*Exercise prompt*. Starting with the line that has "PRÓXIMOS EVENTOS Aviso" and finishing with the line that has "Man smiling with", set down each line below exactly. Pictures are not copied.

*Given data*.
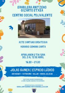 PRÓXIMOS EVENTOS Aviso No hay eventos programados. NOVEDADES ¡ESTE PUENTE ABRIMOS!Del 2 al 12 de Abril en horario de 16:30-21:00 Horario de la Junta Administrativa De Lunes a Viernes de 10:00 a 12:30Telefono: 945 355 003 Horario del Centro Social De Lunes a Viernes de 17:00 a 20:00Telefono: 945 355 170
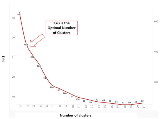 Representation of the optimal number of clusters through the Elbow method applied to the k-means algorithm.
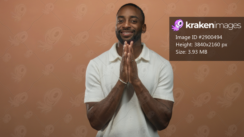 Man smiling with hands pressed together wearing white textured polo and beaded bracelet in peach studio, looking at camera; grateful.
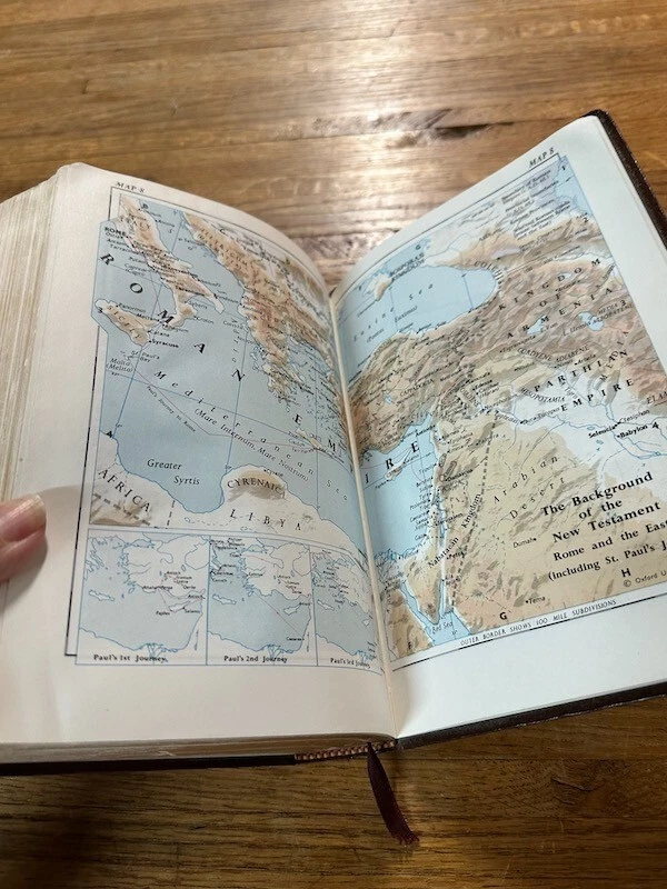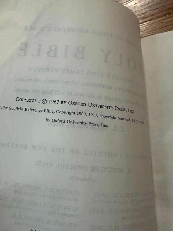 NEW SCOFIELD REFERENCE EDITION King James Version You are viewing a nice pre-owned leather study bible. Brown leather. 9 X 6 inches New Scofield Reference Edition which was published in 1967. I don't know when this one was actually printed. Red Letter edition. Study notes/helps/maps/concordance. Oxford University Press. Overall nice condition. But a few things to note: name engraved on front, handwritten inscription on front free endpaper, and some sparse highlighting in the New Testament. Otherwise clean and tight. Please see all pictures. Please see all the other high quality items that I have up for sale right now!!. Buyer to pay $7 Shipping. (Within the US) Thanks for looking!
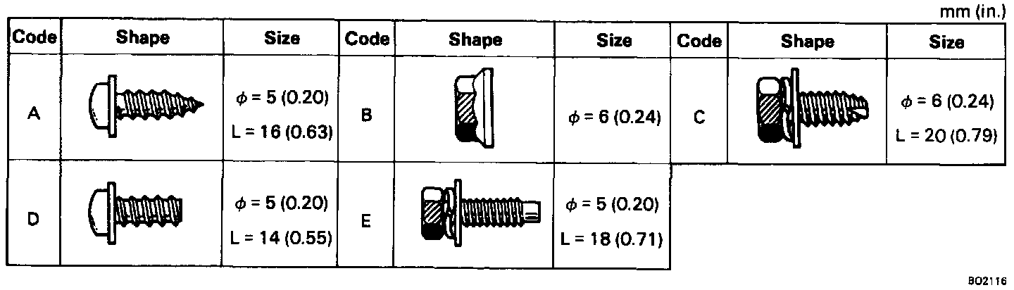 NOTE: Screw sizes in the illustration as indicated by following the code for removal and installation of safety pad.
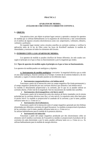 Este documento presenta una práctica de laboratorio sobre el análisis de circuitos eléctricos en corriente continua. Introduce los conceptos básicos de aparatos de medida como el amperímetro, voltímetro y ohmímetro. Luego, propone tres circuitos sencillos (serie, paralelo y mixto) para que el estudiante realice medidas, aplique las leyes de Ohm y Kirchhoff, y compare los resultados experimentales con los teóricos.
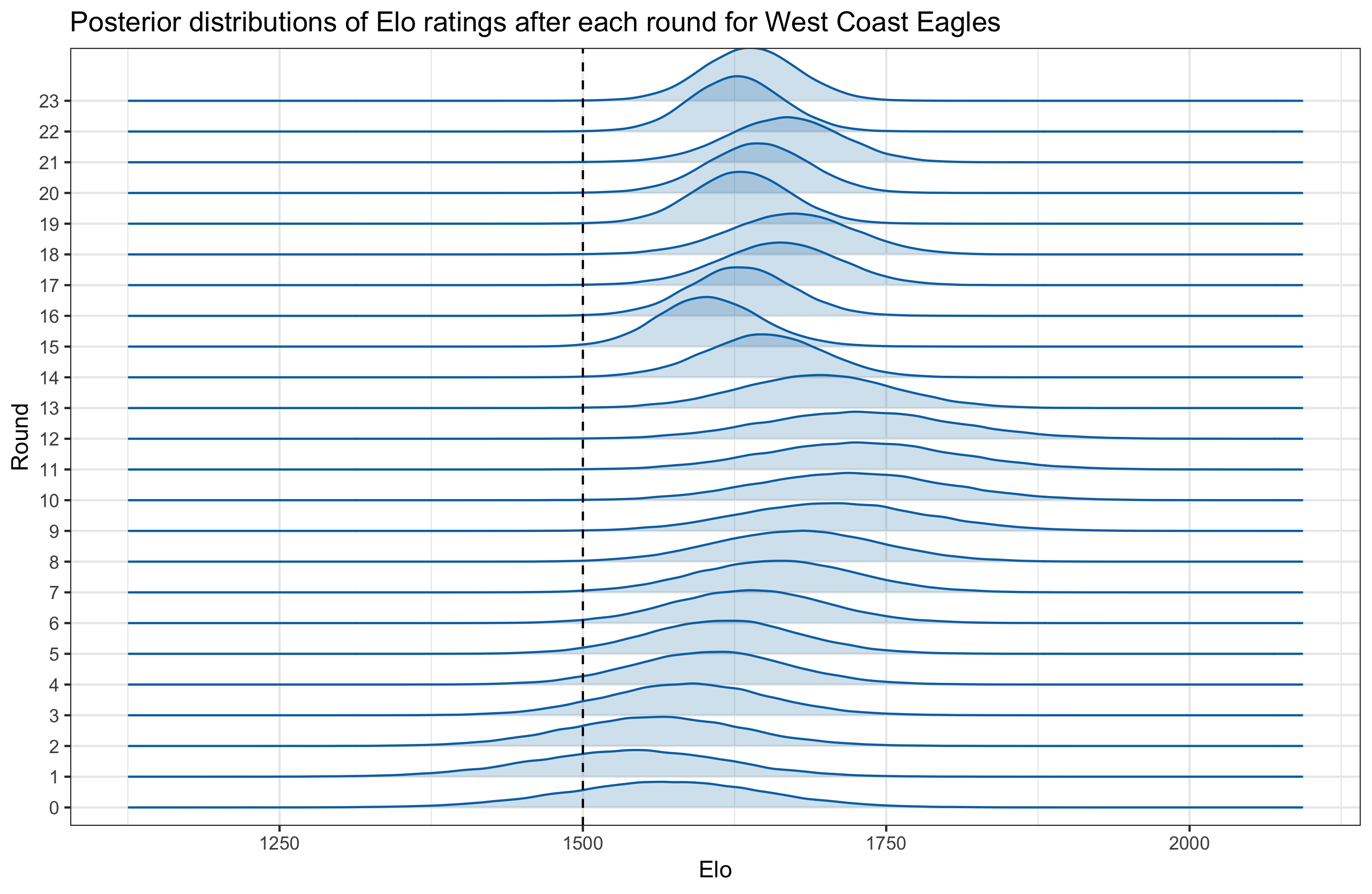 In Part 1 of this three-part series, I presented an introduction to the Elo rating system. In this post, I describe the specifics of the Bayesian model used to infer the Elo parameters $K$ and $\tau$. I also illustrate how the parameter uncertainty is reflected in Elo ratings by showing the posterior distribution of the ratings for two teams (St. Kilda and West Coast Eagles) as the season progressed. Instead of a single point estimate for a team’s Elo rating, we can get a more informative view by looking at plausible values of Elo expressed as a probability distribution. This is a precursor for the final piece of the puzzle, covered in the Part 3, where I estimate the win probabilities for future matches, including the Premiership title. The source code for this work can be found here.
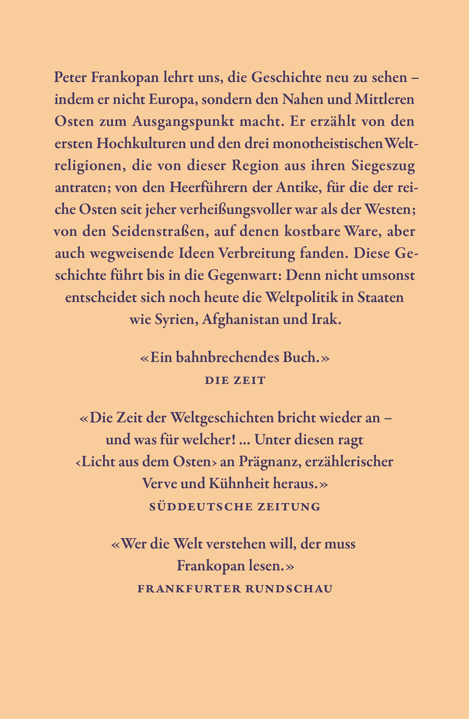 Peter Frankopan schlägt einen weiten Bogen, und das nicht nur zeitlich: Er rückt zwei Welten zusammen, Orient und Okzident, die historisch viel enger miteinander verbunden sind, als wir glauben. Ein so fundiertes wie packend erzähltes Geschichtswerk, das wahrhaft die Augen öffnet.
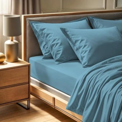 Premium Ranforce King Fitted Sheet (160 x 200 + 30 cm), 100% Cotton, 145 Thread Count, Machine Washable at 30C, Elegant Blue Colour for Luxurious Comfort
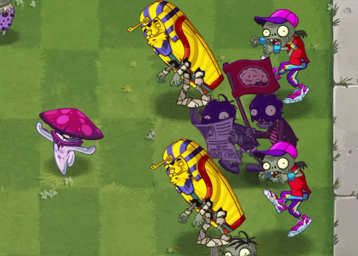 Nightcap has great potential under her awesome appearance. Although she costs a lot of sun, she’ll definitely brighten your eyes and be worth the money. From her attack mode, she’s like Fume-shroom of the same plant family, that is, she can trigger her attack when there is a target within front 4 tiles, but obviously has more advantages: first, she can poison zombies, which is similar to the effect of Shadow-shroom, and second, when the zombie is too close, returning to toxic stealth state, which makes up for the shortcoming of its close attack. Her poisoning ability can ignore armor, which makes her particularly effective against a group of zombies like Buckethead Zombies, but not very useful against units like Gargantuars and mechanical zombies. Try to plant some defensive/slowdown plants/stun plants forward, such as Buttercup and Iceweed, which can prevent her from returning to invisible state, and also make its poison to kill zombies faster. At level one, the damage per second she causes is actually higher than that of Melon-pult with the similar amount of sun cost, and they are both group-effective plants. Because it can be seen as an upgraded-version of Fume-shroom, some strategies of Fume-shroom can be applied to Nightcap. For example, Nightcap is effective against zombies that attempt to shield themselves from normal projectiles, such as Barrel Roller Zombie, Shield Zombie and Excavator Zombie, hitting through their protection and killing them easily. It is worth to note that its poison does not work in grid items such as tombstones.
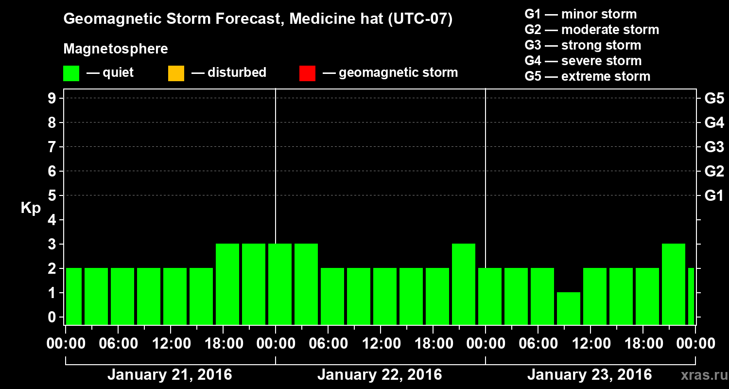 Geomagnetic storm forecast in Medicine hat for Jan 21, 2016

* * *

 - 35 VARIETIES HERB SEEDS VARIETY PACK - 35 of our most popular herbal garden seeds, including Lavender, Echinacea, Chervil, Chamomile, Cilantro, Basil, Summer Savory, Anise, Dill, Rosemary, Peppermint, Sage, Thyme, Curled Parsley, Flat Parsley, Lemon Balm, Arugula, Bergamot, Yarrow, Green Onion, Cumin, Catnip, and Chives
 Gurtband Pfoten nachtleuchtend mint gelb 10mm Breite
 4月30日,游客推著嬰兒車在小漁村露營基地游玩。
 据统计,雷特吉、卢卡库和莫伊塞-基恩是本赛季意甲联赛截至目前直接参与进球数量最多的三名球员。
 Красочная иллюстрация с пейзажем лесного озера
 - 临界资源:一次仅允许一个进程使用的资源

*Response below*.
 PRÓXIMOS EVENTOS Aviso No hay eventos programados. NOVEDADES ¡ESTE PUENTE ABRIMOS!Del 2 al 12 de Abril en horario de 16:30-21:00 Horario de la Junta Administrativa De Lunes a Viernes de 10:00 a 12:30Telefono: 945 355 003 Horario del Centro Social De Lunes a Viernes de 17:00 a 20:00Telefono: 945 355 170
 Representation of the optimal number of clusters through the Elbow method applied to the k-means algorithm.
 Man smiling with hands pressed together wearing white textured polo and beaded bracelet in peach studio, looking at camera; grateful.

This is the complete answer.